Monday, April 25, 2011

Susan Foster, House Leader Gerald Ford, 1972

After graduating with a B.A. in psychology from Albion College in 1971, Susan Foster landed a clerical job with Cong. Charles Chamberlain, a Michigan Republican and friend of her father's. She had been on the job for less than a month when she received a call from "Roll Call" to photograph her for the "Hill Pinup" section of the February 3, 1972 issue.

"Now 'Pinup' and being a college graduate with graduate school aspirations didn't mesh for me," she said. "I asked the 40-something secretary sitting next to me what the Hill Pinup photographs were like. She let out a shout of delight, 'Here's your chance, girl! They want you to look very sexy -- you know, lots of cleavage and a lot of leg. You'll get calls from congressmen themselves!'"

Susan returned to the waiting photographer and said, "I have some photos from a friend's portfolio." Here is the photo (above) that appeared.

Shortly after this incident Susan was recruited as a legislative aide to Cong. William J. Keating, a Republican from Ohio.

"I was told that I would be the first female legislative aide to a Republican member of the House of Representatives," she recalls.

"My first week with Cong. Keating's office will always be remembered as one that was exciting and memorable to this day."

Susan went on to explain that one of the highlights of the job was attending the weekly legislative meeting in the offices of Speaker Gerald R. Ford.
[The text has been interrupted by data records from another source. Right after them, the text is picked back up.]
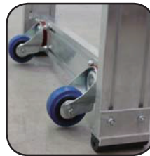
Detalle ruedas traseras Détail roues arrière Detalhe rodas traseiras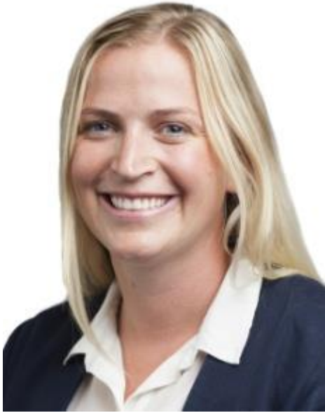
作者: Live Jacob Sydness 可持續業務經理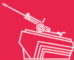
Памятник Подольским курсантам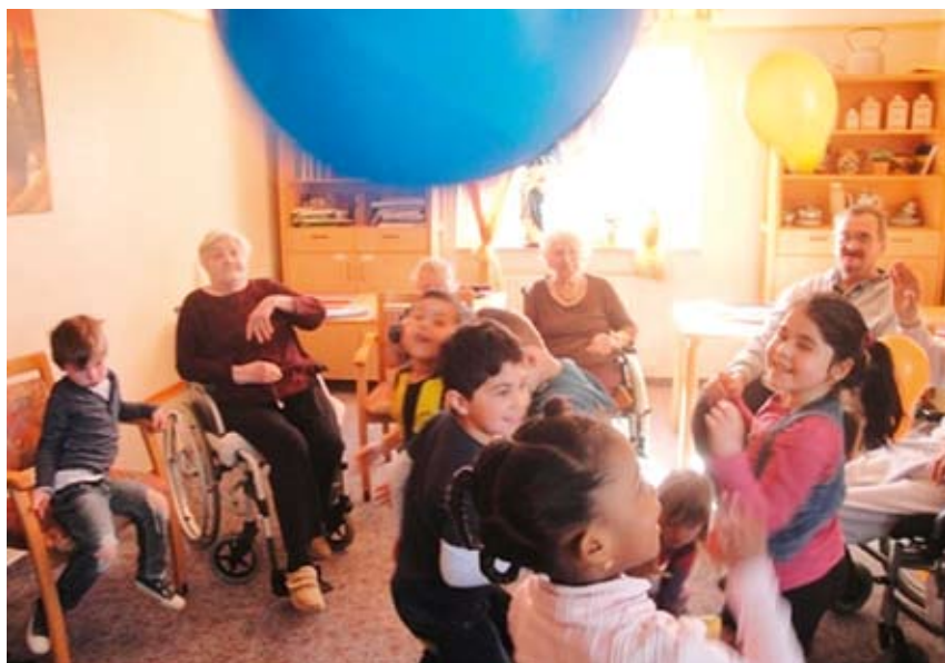
Abb. 4: „Tanzende Luftballons“: Aktivierung mit geringen Mitteln

Die Spielleiter_in sorgt auch für den Übergang zur Entspannungsphase, indem die Luftballons nacheinander aus dem Spiel rausgenommen werden. Danach herrscht meist Ruhe.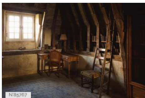
Château du Mesnil-Voysin - Combles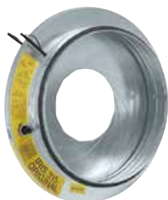
Registre à iris

Le registre à iris permet d'équilibrer finement un réseau circulaire tout en garantissant un très faible taux de fuite (étanchéité classe C).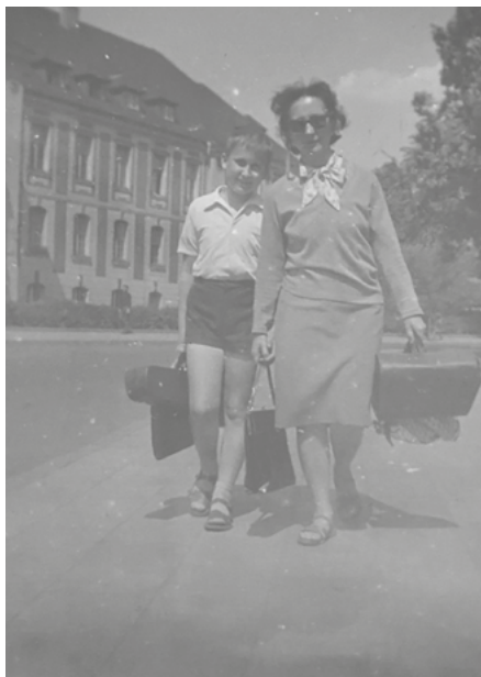
Mój trzynastoletni tata z moją babcią obok szkoły muzycznej, 1968 rok.

ła we mnie respekt. Podczas kąpieli w niej starałam się trzymać z daleka od „czarnej dziury” – miejsca z obitą białą emalią, podsycającego moją wyobraźnię najstraszniejszymi wizjami. Obok stała pralka, która pojawiła się tu nie tak znowu dawno. Wyparła umywalkę, której w ogóle w łazience nie było, a ujęcie wody musiało być skierowane rurą prosto do wanny. Pranie było więc procedurą, której nie dało się nie zauważyć, choć babcia twierdziła, że pralka to największy wynalazek ludzkości, i z rozbawieniem powtarzała: „Pralka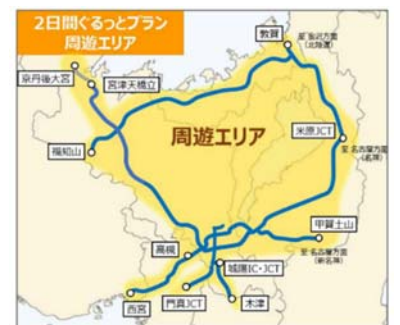
2日間プランの周遊エリア (普通車5,100円、軽自動車等4,100円)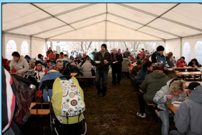
Výborný silvestrovský gulášek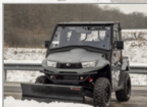
LAME À NEIGE ET AGRICOLE 1700 MM + SUPPORT UXV 700(tous) : KA-01-0415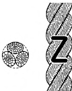
Рисунок 1 – Конфигурация 3-рядного (hauser-laid) каната (тип А)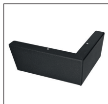
S 250 (H 6,5 cm) Metall, Schwarz pulverbeschichtet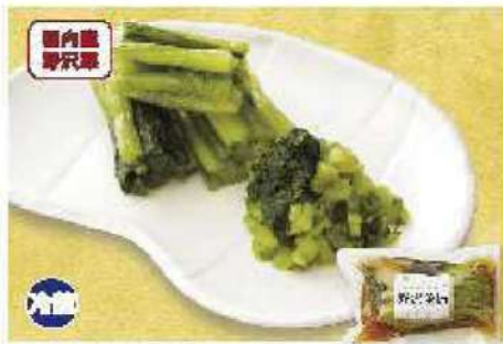
068 野沢菜漬 300g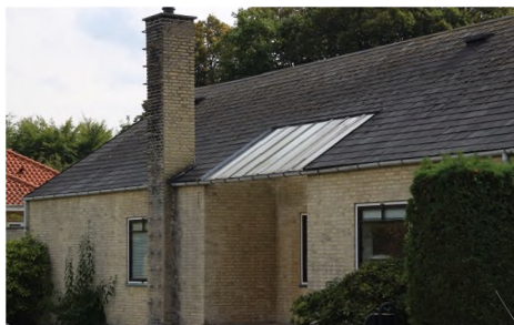
Villa fra 1940'erne. Tidstypisk nordisk modernisme,

Uanset om det er ny arkitektur eller projekter på eksisterende bebyggelse, er målet, at arkitekturen er velfungerende, giver muligheder for alle ("universelt design"), løser opgaven og måske endda tilbyder mere end det. Dette for individet såvel som for fællesskabet. Funktionen skal ses i perspektivet fra både nutidens og fremtidens brugere.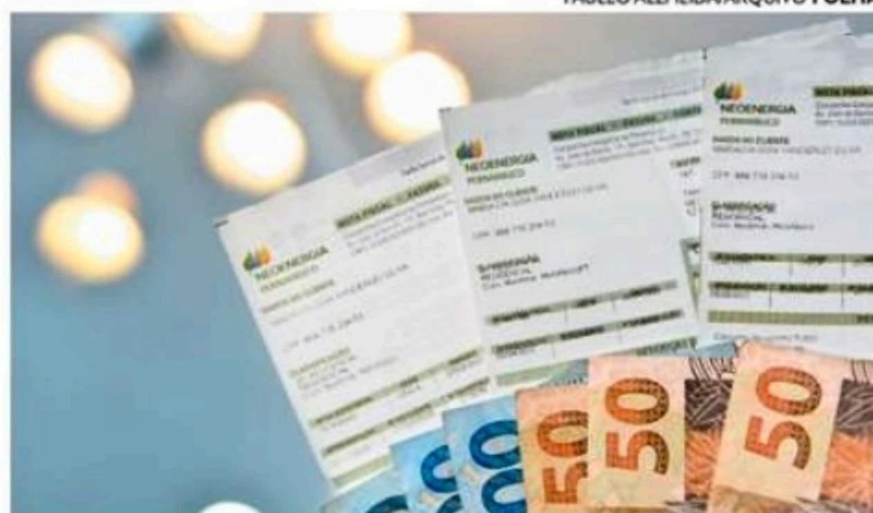
A bandeira verde, sem custo adicional, vigora no País desde 16 de abril

A coluna Nem 8 nem 80 é publicada às quartas e sextas.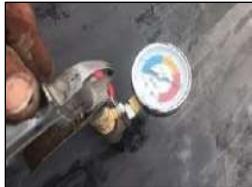
รูปที่ 2-26 การตรวจสอบสภาพของพลาสติก HDPE คลุมบ่ออย่างสม่ำเสมอ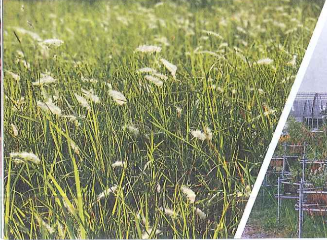
↓在高速公路或鐵道旁常見的野草花「白茅」，其實在台灣已經存在四、五百年。快來高鐵野草地圖中尋寶。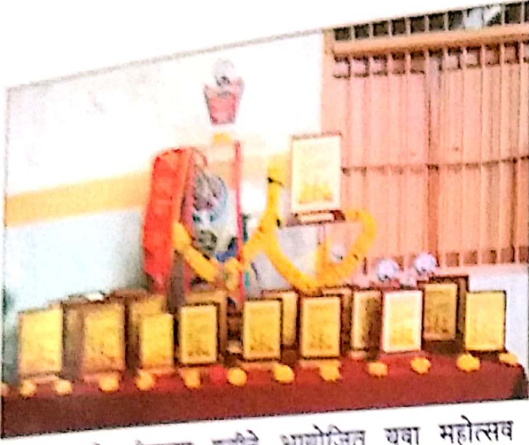
सोलापूर विद्यापीठाच्या वतीने आयोजित युवा महोत्सव २०१८-१९ मध्ये महाविद्यालयास सर्वसाधारण विजेतेपद प्राप्त झाले. त्याची विविध स्तुतीचिन्हे...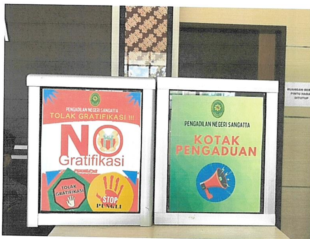
Gambar 6. Himbauan Anti Gratifikasi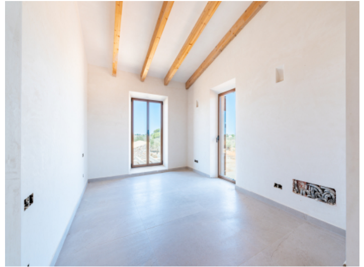
Eines von 4 Schlafzimmer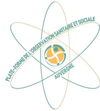
Plate-forme de l'observation sanitaire et sociale d'Auvergne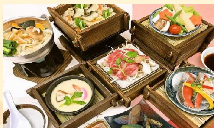
★昼食「 FUJIフルーツパーク 」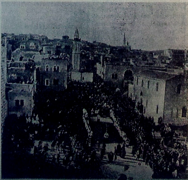
Processioner i Bethlehem.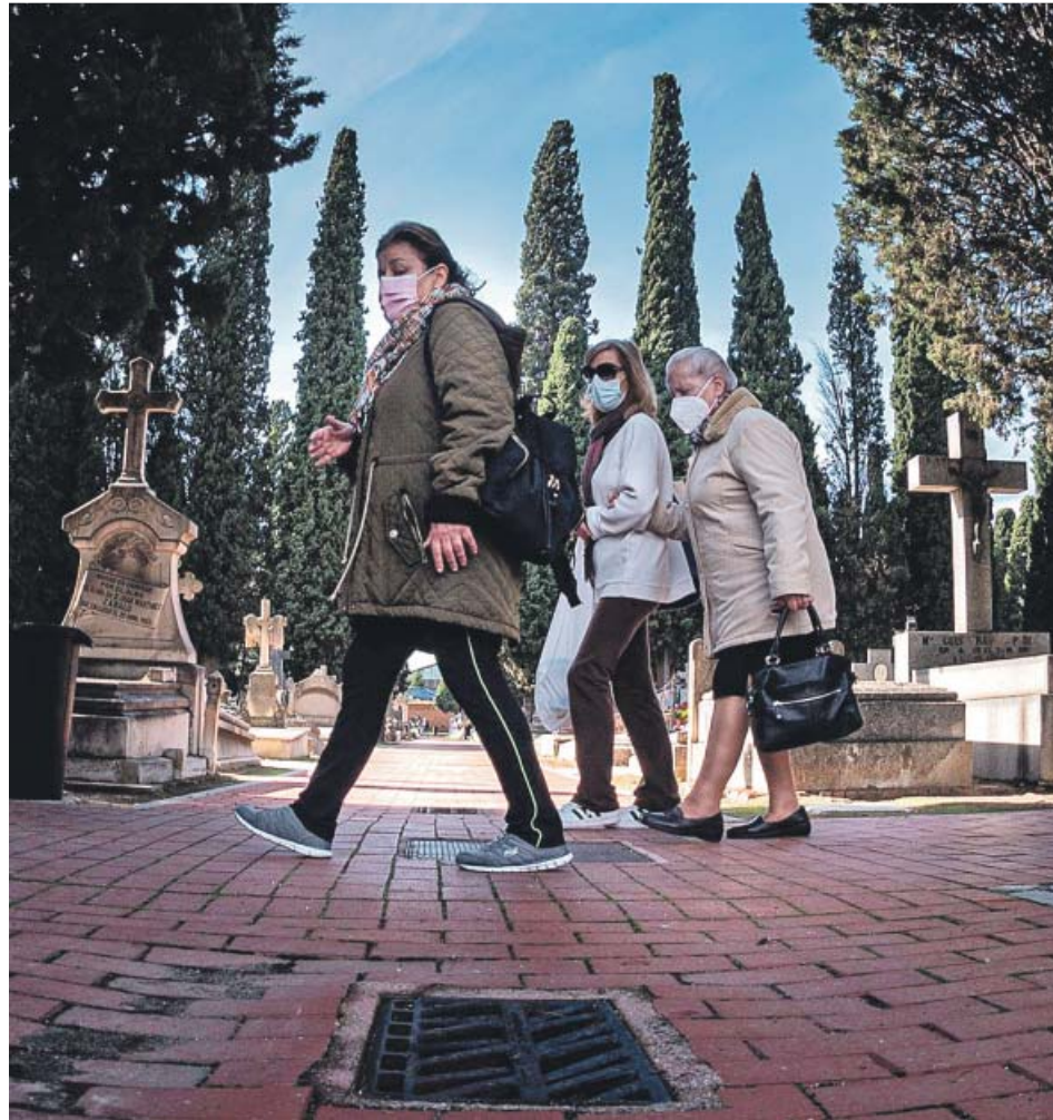
Los habitantes de una zona sanitaria restringida solo podrán ir al cementerio para un entierro.

Durante los días 31 de octubre y 1 y 2 de noviembre, además, la Unidad de Apoyo a la Seguridad (UAS) de la Policía Municipal desplegará efectivos tanto en el cementerio de La Almudena como en Carabanchel en previsión de posibles alteraciones de la normal convivencia. Además, la Sección de Apoyo Aéreo operará con drones para controlar ambos cementerios y la supervisión aérea del número de personas. La empresa funeraria municipal, asimismo, reforzará la seguridad privada en La Almudena y Carabanchel con una decena de efectivos y también en el resto de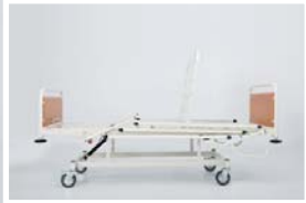
Sırt hareketi : 0 - 70°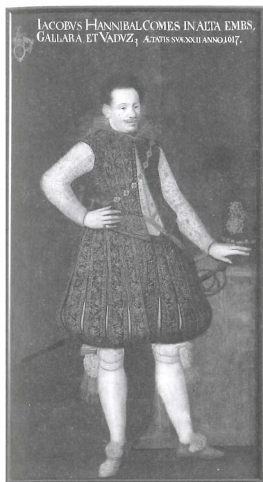
Abbildung 4a: Anonym, Porträt Jakob Hannibal II. von Hohenems, Polička/Tschechische Republik, Städtisches Museum und Galerie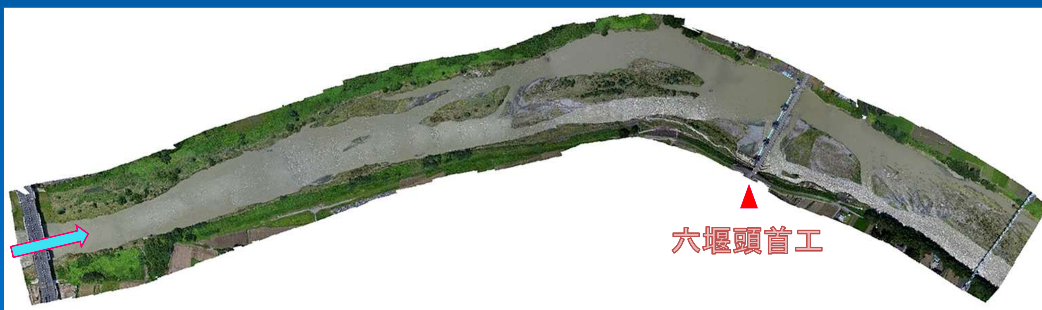
図-1 六堰頭首工周辺の河床の状況(オルソモザイク画像)

図-1より、右岸側の河道湾曲部内岸付近では、頭首工の上下流に寄洲が形成されていることが確認できる。本頭首工は土砂吐ゲート1門、洪水吐ゲート4門からなる全面可動堰であるが、右岸側から計3門のゲート敷上に堆砂が見られることから、洪水吐ゲートの開閉作業に何らかの支障をきたしていることが推察される。また、頭首工の下流側には広い範囲で岩盤が露出しているのも確認できるが、これらは流下障害の要因となるため、本頭首工でのゲートフラッシュによる排砂は困難であると考えられる。

There was one problem: Keating's administrative aide was embarrassed to inform her that Ford did not allow women to attend the meeting. He added, "But if you want to try, I'm not going to stop you. The Boss doesn't mind either; I've already cleared it with him."

"The first thing I remember is how plush the carpet felt beneath my feet as we entered through heavy wooden doors that were wide open to accommodate the hundreds of aides filing in. The second thing I remember was what my fellow legislative aides suggested. I was to hold my head high, square my shoulders, and walk as if I belonged there. That worked for approximately 20 feet -- from the double-door entry of the suite to the single doorway to a large room that held legislative aides from the offices of every Republican House member. That doorway was framed by two well-dressed guards who, in retrospect, resembled the quintessential Secret Service agents. As I approached the door I could feel that all eyes were watching the scene about to unfold. The guards moved together in one synchronized side step, thus blocking the doorway. 'No secretaries allowed,' I was informed.

"'I'm not a secretary. I'm a legislative aide, and I would like to attend this week's meeting,' I said. The arms that folded across their chests spoke volumes, but there was one quiet sentence uttered with heavy emphasis on each word: 'Don't-come-back.'"

Later that day, with Cong. Keating's approval, Susan penned a letter to Speaker Ford personally. There was no response.

Susan went on to earn a masters in social work and become a celebrated medical writer and author. She is credited with the 2004 passage of a resolution issued by the International Firefighters Union for a moratorium on cell antennae on firehouse roofs, following a flood of emails from firefighters worldwide reporting confusion, disorientation, depression, sterility and worse.